Problem details
Span requested from the data below: the line with "Open plan, Techni-painted, granite" through the line with "I’ve got a bin", both included. Give only these lines again, exactly, and leave every picture out.

Collected data
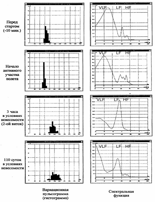 В ходе полета наблюдается снижение частоты пульса и рост активности парасимпатического звена регуляции (RMSSD). На 1-м и 3- 4-м месяцах полета растет активность сосудистого звена регуляции (LF), которая чередуется с ростом активности энерго - метаболического звена регуляции (VLF) – на 2-м и 5-6-м месяцах полета. Создается впечатление, что процесс адаптационной перенастройки регуляторных механизмов, во-первых, является волнообразным с длительностью периодов равной 1-3-месяцам, и, во-вторых, протекает путем активации все более высоких уровней регуляции.
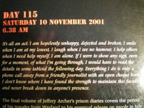 Discription: Macmillan 2004. Soft cover. Condition: The book has been read and cover is slightly bent, with crease on back. There is slight wrinkling on last quarter of page block due to damp, otherwise very good condition. "The final volume of Jeffrey Archer's prison diaries, covers the period of his transfer from Wayland to his eventual release on parole in July 2003."
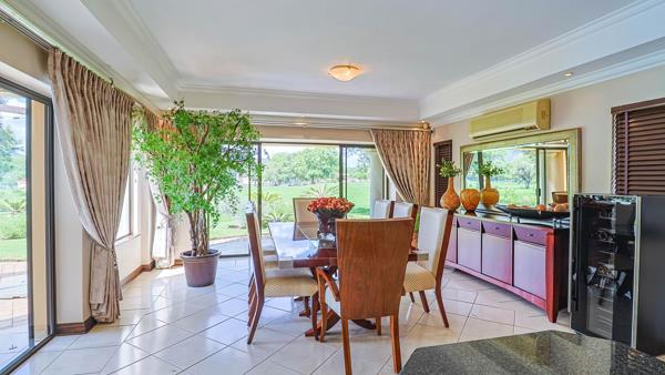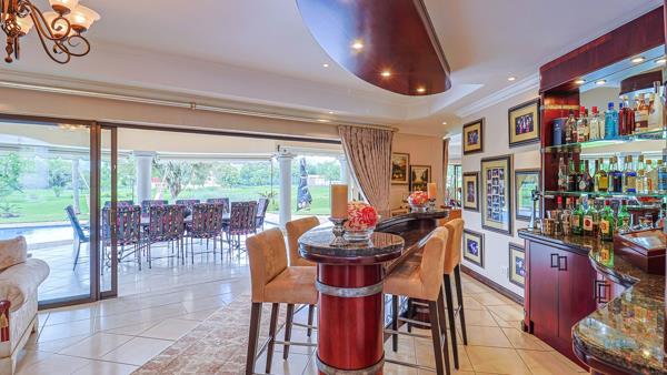 Open plan, Techni-painted, granite kitchen with separate scullery, gas hob and double oven. 3 Fridge freezers, wine cooler. Nook with prep- bowl. Dining room with 10 seater dining table and direct access to the garden and also the enormous covered entertainment patio with awnings. Aquamarine swimming pool with water feature.
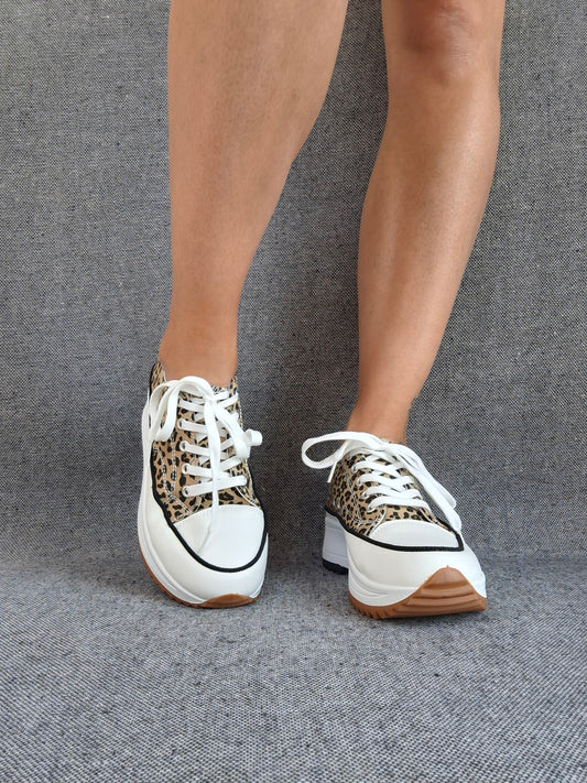 Chaussures baskets basses plate-forme tissu toile motif léopard
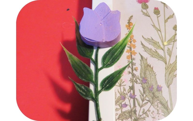 I’ve got a bin where I keep bits and pieces of greenery and I chose a piece to be the stem of the tulip, hot gluing the pieces to the bottom, left-hand side of the frame.
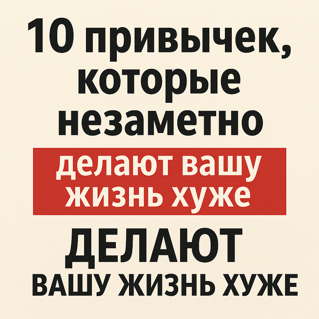Мы часто думаем, что плохое самочувствие, апатия или отсутствие мотивации связаны с внешними обстоятельствами: работой, стрессом, недостатком денег или плохой погодой. Но на деле корень проблем — в том, что мы делаем каждый день. Причём часто — автоматически, даже не замечая. Вот 10 привычек, которые кажутся мелочами, но изо дня в день делают жизнь хуже. В конце статьи — практические советы, как их заменить. 1. Проверка телефона сразу после пробуждения Первое, что делает большинство — берёт в руки телефон. Сообщения, соцсети, новости, мемы, YouTube… Что происходит: мозг получает резкий поток информации, часто негативной или ненужной. Это сбивает гормональный фон, портит настроение и разрушает внутреннюю тишину, с которой должен начинаться день. Что делать вместо: начни утро с дыхания, воды, дневника или даже просто молчания. Телефон — спустя 30 минут. Это изменит твой день кардинально. 2. Прокрастинация под видом «передышки» «Сейчас чуть-чуть отдохну…» — и пошло: ролики, Tik
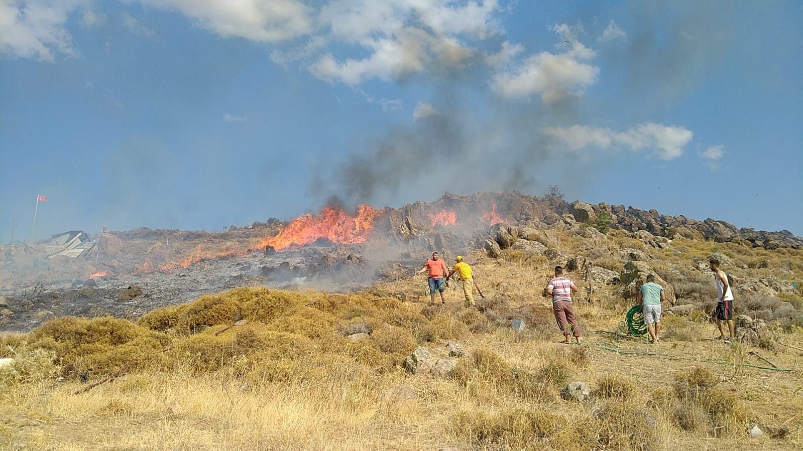 İzmir'in Dikili ilçesinde hayvan damlarının da bulunduğu makilik alanda çıkan yangın ekiplerin çalışmasının ardından kontrol altına alındı. İzmaritten çıktığı öne sürülen yangında yaklaşık 18 dönüm arazi kül oldu.

Your response
 Open plan, Techni-painted, granite kitchen with separate scullery, gas hob and double oven. 3 Fridge freezers, wine cooler. Nook with prep- bowl. Dining room with 10 seater dining table and direct access to the garden and also the enormous covered entertainment patio with awnings. Aquamarine swimming pool with water feature.
 Chaussures baskets basses plate-forme tissu toile motif léopard
 I’ve got a bin where I keep bits and pieces of greenery and I chose a piece to be the stem of the tulip, hot gluing the pieces to the bottom, left-hand side of the frame.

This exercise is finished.